* EXERCISE PROMPT
Please copy exactly the lines that run from the start of the entries to the line containing "A clean and", inclusive.

* TASK MATERIAL
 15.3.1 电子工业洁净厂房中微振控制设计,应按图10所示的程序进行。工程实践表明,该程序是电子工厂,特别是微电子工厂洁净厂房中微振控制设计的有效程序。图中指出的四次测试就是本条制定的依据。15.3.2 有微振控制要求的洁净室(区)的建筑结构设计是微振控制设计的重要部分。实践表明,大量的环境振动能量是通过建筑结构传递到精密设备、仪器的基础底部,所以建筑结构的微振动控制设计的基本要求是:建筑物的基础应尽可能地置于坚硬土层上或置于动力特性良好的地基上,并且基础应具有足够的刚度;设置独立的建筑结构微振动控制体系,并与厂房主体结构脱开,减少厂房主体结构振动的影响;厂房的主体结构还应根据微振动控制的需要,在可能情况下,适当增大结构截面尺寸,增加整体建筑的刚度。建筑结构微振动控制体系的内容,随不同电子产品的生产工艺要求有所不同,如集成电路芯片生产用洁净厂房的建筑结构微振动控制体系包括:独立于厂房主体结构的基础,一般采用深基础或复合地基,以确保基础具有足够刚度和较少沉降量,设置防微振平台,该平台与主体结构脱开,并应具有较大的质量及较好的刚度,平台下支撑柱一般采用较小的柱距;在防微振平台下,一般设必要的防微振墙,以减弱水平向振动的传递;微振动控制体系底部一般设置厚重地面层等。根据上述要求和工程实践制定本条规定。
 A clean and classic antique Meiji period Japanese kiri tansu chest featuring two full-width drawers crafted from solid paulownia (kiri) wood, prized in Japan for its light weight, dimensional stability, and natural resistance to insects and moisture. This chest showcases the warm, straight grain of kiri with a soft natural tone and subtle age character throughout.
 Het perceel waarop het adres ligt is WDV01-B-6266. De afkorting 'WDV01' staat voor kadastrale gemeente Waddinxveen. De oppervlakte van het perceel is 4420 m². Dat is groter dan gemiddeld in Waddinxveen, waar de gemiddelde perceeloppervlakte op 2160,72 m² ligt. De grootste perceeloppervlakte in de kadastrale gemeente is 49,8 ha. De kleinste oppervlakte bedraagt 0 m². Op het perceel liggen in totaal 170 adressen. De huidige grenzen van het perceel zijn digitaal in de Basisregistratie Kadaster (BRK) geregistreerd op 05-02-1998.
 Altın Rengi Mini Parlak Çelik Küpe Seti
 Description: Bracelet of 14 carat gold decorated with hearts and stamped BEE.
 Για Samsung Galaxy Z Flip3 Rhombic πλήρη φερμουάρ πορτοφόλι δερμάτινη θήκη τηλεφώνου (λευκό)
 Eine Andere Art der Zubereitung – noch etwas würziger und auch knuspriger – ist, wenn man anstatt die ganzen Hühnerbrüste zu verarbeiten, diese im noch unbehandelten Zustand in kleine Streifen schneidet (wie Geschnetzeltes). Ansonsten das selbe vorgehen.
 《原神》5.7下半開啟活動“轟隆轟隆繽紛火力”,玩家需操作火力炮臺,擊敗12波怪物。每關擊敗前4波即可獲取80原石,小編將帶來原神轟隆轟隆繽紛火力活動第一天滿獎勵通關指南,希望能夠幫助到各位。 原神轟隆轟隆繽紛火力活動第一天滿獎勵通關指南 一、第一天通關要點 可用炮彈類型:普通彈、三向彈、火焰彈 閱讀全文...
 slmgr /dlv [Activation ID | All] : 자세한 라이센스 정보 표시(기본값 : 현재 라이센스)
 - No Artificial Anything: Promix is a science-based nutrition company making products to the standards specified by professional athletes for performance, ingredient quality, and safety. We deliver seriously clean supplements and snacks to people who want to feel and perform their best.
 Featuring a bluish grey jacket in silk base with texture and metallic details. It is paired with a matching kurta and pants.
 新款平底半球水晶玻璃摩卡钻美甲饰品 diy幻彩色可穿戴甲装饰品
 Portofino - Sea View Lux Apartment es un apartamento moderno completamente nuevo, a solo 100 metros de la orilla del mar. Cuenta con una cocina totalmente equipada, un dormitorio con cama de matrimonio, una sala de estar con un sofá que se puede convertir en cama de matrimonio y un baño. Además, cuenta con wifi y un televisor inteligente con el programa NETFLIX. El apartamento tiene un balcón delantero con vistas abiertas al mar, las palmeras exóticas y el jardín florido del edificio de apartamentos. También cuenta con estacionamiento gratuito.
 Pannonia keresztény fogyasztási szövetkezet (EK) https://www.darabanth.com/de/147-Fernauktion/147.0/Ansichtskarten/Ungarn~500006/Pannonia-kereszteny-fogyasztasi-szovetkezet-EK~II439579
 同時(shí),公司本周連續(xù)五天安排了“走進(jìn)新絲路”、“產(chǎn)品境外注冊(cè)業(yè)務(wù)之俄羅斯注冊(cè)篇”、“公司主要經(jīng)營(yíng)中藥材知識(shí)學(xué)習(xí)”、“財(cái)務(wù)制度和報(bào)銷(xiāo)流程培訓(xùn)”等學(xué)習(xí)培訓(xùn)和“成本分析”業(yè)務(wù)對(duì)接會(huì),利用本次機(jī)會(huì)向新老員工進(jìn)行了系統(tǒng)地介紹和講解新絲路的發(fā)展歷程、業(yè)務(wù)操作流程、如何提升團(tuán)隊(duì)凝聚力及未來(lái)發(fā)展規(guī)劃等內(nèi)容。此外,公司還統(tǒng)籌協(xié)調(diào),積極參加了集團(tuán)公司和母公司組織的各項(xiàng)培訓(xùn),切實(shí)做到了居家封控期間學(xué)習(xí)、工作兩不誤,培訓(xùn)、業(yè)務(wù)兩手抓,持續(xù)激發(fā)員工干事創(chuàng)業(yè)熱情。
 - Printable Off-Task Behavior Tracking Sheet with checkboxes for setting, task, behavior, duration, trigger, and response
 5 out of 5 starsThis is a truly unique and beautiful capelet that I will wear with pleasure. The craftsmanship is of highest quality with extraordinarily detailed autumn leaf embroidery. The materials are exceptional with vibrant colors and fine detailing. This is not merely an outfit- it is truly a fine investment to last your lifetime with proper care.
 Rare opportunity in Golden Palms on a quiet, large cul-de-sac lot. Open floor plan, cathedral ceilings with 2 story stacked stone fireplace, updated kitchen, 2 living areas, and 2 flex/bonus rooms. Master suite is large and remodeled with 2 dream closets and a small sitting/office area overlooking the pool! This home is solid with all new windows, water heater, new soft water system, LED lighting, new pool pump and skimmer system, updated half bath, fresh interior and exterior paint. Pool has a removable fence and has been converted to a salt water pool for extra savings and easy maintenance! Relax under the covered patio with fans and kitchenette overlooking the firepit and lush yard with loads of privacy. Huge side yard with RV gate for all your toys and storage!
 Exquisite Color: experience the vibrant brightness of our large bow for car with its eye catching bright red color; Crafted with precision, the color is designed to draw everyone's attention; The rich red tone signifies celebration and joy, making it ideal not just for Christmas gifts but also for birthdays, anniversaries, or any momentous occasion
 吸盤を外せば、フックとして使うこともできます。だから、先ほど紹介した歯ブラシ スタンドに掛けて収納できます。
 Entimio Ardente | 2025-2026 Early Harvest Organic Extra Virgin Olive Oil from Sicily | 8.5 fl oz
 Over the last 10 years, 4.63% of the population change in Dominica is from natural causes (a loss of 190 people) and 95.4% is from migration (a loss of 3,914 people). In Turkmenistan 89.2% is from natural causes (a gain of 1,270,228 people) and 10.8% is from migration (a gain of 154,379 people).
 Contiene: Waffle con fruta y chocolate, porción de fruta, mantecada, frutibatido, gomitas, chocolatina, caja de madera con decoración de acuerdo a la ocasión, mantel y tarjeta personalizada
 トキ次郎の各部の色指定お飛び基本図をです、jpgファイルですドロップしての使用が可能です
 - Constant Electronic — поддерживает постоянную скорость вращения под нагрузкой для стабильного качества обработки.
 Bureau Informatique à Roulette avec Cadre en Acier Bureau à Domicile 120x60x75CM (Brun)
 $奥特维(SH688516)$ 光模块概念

* SOLVED PROBLEM
 15.3.1 电子工业洁净厂房中微振控制设计,应按图10所示的程序进行。工程实践表明,该程序是电子工厂,特别是微电子工厂洁净厂房中微振控制设计的有效程序。图中指出的四次测试就是本条制定的依据。15.3.2 有微振控制要求的洁净室(区)的建筑结构设计是微振控制设计的重要部分。实践表明,大量的环境振动能量是通过建筑结构传递到精密设备、仪器的基础底部,所以建筑结构的微振动控制设计的基本要求是:建筑物的基础应尽可能地置于坚硬土层上或置于动力特性良好的地基上,并且基础应具有足够的刚度;设置独立的建筑结构微振动控制体系,并与厂房主体结构脱开,减少厂房主体结构振动的影响;厂房的主体结构还应根据微振动控制的需要,在可能情况下,适当增大结构截面尺寸,增加整体建筑的刚度。建筑结构微振动控制体系的内容,随不同电子产品的生产工艺要求有所不同,如集成电路芯片生产用洁净厂房的建筑结构微振动控制体系包括:独立于厂房主体结构的基础,一般采用深基础或复合地基,以确保基础具有足够刚度和较少沉降量,设置防微振平台,该平台与主体结构脱开,并应具有较大的质量及较好的刚度,平台下支撑柱一般采用较小的柱距;在防微振平台下,一般设必要的防微振墙,以减弱水平向振动的传递;微振动控制体系底部一般设置厚重地面层等。根据上述要求和工程实践制定本条规定。
 A clean and classic antique Meiji period Japanese kiri tansu chest featuring two full-width drawers crafted from solid paulownia (kiri) wood, prized in Japan for its light weight, dimensional stability, and natural resistance to insects and moisture. This chest showcases the warm, straight grain of kiri with a soft natural tone and subtle age character throughout.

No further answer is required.